INPUT RECORDS —
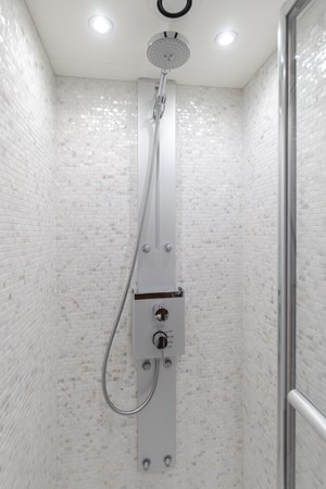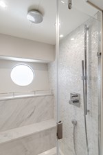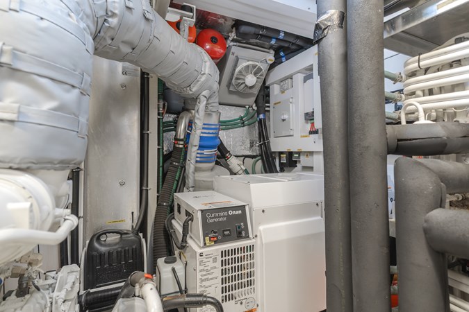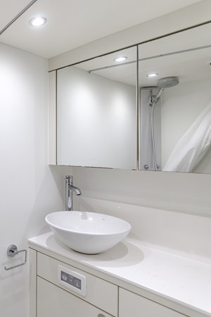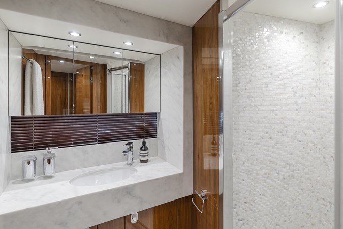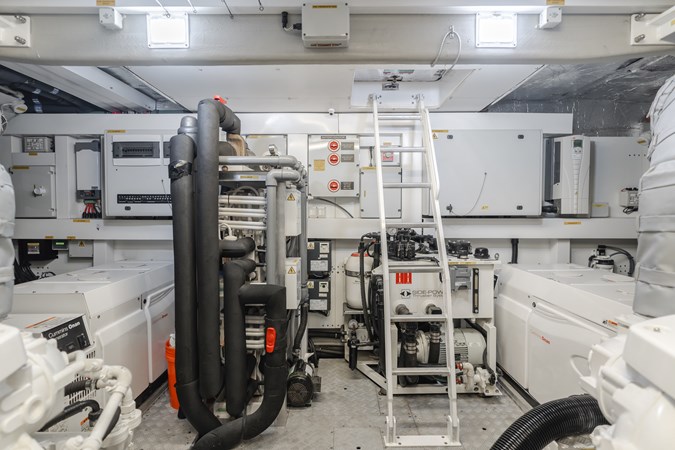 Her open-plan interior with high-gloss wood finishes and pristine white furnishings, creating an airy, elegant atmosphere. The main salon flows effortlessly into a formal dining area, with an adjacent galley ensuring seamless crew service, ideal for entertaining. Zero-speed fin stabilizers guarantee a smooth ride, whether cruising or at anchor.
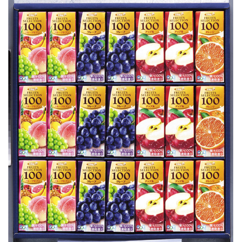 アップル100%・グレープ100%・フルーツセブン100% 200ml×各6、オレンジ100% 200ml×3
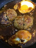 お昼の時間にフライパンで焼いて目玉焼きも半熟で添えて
--
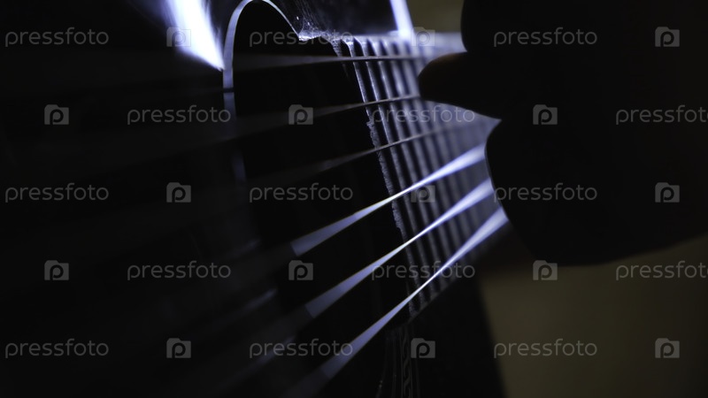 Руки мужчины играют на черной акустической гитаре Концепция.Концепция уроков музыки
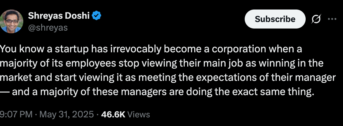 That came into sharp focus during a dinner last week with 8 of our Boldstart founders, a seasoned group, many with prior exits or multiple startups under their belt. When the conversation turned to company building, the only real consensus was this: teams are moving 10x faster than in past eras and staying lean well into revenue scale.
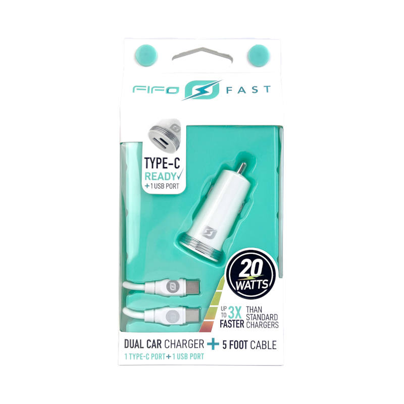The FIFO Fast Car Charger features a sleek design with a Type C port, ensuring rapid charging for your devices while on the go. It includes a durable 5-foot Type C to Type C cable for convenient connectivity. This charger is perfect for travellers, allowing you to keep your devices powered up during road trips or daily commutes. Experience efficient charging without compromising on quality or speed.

WHAT THE EXERCISE ASKS — Reproduce word for word, with pictures dropped, only the part of the material above that opens with the line containing "That came into" and closes with the line containing "The FIFO Fast".

ANSWER SECTION —
 That came into sharp focus during a dinner last week with 8 of our Boldstart founders, a seasoned group, many with prior exits or multiple startups under their belt. When the conversation turned to company building, the only real consensus was this: teams are moving 10x faster than in past eras and staying lean well into revenue scale.
The FIFO Fast Car Charger features a sleek design with a Type C port, ensuring rapid charging for your devices while on the go. It includes a durable 5-foot Type C to Type C cable for convenient connectivity. This charger is perfect for travellers, allowing you to keep your devices powered up during road trips or daily commutes. Experience efficient charging without compromising on quality or speed.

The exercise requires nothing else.